Task brief → In the data below, the answer is the run of lines from the line containing "五轨四横三纵多枢纽:项目毗邻" through the line containing "Smer je prvi", both included; print it exactly and nothing else.
----
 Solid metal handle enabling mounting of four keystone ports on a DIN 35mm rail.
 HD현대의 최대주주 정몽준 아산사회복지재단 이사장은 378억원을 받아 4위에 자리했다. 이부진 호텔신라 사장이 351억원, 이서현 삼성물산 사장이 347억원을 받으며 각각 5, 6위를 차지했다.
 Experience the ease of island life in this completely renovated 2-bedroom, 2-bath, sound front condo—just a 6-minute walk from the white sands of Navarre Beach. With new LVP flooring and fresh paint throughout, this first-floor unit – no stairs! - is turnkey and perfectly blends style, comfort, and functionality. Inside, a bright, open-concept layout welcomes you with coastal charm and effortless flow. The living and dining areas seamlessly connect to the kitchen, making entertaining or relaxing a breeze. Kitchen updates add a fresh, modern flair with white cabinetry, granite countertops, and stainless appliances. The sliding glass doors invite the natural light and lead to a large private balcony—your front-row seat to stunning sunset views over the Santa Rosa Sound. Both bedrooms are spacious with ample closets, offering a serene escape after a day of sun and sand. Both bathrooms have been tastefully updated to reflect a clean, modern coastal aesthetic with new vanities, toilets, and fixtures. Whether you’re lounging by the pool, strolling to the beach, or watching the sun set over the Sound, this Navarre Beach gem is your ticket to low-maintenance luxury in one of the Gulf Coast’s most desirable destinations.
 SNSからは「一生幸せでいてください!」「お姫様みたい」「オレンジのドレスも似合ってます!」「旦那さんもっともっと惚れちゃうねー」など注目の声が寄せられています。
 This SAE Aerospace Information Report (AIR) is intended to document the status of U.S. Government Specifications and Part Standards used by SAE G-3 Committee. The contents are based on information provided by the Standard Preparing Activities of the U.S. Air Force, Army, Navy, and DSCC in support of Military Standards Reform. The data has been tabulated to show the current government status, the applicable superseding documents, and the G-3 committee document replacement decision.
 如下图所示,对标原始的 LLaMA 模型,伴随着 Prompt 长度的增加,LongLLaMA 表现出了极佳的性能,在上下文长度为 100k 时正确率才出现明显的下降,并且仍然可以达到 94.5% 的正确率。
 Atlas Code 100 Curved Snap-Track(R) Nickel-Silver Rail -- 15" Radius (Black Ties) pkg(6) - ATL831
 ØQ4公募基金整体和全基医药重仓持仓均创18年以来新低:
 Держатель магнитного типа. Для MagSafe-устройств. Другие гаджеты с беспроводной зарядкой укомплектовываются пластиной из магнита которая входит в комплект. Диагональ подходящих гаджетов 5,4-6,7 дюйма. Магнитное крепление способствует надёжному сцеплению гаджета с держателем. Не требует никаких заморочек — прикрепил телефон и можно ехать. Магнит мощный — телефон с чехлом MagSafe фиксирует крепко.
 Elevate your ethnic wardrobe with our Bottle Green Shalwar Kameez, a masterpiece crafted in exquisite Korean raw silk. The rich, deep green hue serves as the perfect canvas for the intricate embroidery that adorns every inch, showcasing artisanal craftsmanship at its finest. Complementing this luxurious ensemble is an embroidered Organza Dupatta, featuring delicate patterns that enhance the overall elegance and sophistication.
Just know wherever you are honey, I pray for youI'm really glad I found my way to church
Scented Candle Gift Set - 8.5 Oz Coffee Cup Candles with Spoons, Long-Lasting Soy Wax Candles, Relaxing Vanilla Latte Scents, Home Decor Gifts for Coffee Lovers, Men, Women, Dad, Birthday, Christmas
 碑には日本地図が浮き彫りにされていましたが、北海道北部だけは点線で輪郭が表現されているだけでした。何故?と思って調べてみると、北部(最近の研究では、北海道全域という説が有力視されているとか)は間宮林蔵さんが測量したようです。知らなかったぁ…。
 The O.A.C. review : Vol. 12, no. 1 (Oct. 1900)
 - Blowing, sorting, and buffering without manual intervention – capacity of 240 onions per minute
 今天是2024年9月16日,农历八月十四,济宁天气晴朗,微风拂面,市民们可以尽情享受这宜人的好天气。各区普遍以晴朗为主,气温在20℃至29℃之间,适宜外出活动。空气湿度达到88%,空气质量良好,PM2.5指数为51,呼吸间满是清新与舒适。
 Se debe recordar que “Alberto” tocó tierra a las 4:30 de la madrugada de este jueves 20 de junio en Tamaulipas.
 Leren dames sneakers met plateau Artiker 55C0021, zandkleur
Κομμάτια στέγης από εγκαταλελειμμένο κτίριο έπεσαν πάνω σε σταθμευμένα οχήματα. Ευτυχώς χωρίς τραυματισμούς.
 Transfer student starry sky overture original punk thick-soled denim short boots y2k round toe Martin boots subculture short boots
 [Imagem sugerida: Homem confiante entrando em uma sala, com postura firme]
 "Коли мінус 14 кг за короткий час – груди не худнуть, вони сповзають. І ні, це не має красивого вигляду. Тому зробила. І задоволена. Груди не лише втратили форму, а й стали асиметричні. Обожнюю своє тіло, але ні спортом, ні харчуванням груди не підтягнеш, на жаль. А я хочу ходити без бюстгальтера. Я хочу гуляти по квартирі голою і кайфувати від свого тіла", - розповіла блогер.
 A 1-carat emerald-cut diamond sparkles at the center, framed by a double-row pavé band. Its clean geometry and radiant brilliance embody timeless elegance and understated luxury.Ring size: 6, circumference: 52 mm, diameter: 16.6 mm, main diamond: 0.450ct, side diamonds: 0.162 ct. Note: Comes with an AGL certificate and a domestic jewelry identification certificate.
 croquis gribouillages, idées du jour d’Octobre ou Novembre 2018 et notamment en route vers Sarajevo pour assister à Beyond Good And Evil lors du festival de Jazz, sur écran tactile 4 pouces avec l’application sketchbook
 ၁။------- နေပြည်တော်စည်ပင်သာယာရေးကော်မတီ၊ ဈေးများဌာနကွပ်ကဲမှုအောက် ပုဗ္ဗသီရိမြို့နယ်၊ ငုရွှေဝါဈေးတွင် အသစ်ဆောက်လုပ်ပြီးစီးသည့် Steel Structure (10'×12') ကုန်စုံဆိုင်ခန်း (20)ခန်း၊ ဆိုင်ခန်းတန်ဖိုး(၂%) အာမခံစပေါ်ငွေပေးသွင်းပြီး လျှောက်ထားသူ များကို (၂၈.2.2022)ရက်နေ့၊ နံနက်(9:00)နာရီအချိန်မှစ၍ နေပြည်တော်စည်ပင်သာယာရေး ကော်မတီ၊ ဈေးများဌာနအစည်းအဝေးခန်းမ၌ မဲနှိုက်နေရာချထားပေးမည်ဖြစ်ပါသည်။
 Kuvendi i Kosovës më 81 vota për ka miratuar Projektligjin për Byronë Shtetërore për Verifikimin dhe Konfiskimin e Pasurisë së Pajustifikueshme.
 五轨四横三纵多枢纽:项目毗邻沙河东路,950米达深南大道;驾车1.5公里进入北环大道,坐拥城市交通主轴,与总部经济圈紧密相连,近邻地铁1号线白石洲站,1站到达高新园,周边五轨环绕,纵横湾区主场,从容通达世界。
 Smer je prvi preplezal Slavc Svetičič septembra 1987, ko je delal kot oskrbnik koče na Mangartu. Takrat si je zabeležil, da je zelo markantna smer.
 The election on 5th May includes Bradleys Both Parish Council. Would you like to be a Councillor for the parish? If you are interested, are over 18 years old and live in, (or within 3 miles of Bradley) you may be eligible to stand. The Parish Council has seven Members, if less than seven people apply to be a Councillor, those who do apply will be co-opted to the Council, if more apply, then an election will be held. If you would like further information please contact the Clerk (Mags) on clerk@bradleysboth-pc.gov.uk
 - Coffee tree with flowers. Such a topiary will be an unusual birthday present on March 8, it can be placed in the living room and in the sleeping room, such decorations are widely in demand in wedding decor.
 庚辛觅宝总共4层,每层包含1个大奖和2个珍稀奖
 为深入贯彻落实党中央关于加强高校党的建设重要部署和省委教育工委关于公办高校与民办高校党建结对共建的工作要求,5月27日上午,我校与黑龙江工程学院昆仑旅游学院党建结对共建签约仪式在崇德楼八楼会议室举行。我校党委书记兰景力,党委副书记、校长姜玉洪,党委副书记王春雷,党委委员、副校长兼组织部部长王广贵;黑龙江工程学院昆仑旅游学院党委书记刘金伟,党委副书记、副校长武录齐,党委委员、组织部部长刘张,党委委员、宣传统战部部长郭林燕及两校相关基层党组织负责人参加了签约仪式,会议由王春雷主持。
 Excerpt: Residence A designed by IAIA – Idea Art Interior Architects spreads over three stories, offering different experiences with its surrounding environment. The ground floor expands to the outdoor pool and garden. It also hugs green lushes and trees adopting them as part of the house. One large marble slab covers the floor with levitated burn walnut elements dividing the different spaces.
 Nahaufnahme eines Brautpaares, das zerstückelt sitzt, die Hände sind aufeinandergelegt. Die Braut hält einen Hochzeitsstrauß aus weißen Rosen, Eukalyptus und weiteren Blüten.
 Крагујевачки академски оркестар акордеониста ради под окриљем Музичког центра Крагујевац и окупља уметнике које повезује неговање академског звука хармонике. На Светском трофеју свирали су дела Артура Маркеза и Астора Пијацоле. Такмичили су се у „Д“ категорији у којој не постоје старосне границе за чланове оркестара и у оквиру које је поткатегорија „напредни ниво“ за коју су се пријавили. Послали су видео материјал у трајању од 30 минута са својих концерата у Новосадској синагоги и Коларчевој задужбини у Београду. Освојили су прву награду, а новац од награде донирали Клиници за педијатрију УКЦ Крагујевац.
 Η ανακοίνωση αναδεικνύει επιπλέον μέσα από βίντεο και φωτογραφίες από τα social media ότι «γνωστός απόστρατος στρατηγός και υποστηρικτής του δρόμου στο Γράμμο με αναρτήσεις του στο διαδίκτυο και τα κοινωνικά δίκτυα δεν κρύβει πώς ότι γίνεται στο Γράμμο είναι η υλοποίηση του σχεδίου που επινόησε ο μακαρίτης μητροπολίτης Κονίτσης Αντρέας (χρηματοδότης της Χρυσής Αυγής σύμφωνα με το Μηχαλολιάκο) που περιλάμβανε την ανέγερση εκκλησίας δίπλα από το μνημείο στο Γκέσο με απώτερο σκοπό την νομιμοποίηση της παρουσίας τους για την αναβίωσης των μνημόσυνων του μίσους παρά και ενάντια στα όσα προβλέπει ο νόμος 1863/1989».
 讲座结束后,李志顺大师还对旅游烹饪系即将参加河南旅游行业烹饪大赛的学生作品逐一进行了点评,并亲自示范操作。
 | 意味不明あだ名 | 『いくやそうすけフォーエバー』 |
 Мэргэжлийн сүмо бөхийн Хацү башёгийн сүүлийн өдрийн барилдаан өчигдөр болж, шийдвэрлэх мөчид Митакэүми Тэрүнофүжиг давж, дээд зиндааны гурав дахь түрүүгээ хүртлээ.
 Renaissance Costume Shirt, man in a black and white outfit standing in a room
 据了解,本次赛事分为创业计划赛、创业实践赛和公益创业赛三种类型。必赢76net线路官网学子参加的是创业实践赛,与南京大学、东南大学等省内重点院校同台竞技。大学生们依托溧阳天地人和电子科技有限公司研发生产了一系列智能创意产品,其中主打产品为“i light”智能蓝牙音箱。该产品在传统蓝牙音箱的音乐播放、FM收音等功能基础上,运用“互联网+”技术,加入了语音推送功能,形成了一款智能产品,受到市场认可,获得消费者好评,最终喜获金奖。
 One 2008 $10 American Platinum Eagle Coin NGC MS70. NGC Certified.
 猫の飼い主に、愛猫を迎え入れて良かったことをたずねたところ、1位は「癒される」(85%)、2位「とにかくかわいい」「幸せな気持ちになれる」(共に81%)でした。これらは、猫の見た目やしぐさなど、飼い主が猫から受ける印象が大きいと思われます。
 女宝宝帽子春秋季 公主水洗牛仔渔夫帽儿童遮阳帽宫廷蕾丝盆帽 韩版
----
Exercise response →
 五轨四横三纵多枢纽:项目毗邻沙河东路,950米达深南大道;驾车1.5公里进入北环大道,坐拥城市交通主轴,与总部经济圈紧密相连,近邻地铁1号线白石洲站,1站到达高新园,周边五轨环绕,纵横湾区主场,从容通达世界。
 Smer je prvi preplezal Slavc Svetičič septembra 1987, ko je delal kot oskrbnik koče na Mangartu. Takrat si je zabeležil, da je zelo markantna smer.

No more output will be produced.